Если вы планировали строить Cisco FabricPath, имеет смысл посмотреть в сторону ACI, скорее всего, получится и дешевле, и функциональнее (правда, будьте готовы описать все сетевые взаимодействия в ЦОДе).
Что касается DCI, NSX позволяет объединять в единую виртуальную сеть несколько площадок в рамках города или соседних городов, на больших расстояниях нужны специализированные технологии уменьшения задержек для приложений. Отметим, что связь удаленных площадок через NSX предпочтительнее, чем без него, даже если VXLAN не требуется. NSX имеет встроенные механизмы уменьшения BUM трафика, ARP запросов и т.д. ACI-фабрику же можно разнести на несколько помещений в рамках одного здания, между которыми будет множество 40 Гб каналов. У Cisco есть очень хорошая технология обеспечения связности удаленных площадок – OTV. Но устройства, которые поддерживают ACI, не поддерживают OTV, и наоборот. В настоящее время есть рекомендованный дизайн связи нескольких фабрик ACI с помощью OTV (он не будет частью ACI), в дальнейшем планируется управление OTV-каналом с помощью ACI контроллера APIC.

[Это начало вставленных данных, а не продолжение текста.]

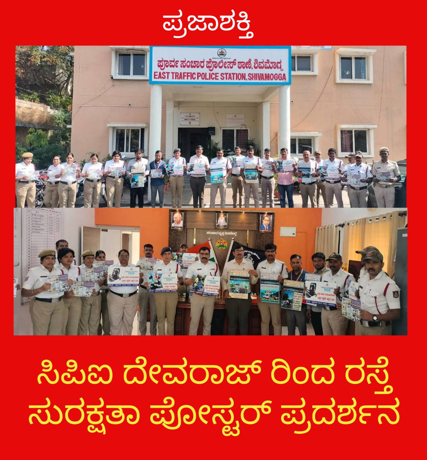 ನಗರದ ಸಂಚಾರಿ ವೃತ್ತದ ಕಚೇರಿಯಲ್ಲಿ ರಸ್ತೆ ಸುರಕ್ಷತಾ ಮಾಸದ ಪೋಸ್ಟರ್ ಗಳು ಮತ್ತು ಕರ ಪತ್ರಗಳನ್ನು ಪ್ರದರ್ಶನ ಮಾಡಿದರು. ಈ ಸಮಯದಲ್ಲಿ ಮಾತನಾಡಿದ ದೇವರಾಜ್ ರವರು ಪ್ರತಿಯೊಬ್ಬ ವ್ಯಕ್ತಿಯು ಕಡ್ಡಾಯವಾಗಿ ರಸ್ತೆ ಸುರಕ್ಷತಾ ಕ್ರಮವನ್ನು ಪಾಲಿಸಬೇಕು ಎಂದರು.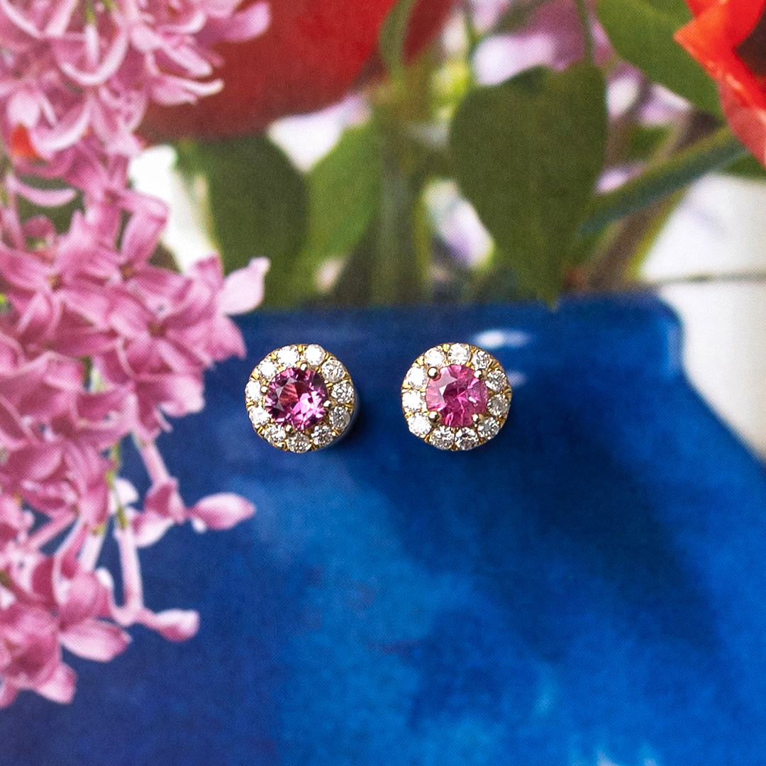Pendientes "Violeta" de oro amarillo de 18Kt., rubí y diamantes. Perfectos para añadir un toque de lujo y sofisticación a tu look.

В заключение стоит сказать, что финансовые аналитики из Goldman Sachs в отчете для инвесторов провели наглядную аналогию между подходами ACI и NSX – iPhone vs Android. ACI, как и iPhone, имеет вертикальную интеграцию, собственные микросхемы, аппаратную и программную часть. Как и Apple, Cisco сохраняет полный контроль над своей экосистемой. VMware NSX, как Android, работает на разных аппаратных платформах, может использоваться разными способами, например, в качестве межсетевого экрана или для DCI. Производитель не заставляет пользователя следовать жестко заданной архитектуре. Аналитики считают, что в этом противостоянии победителя не будет – обе компании, решающие одну задачу разными способами, займут свою часть рынка.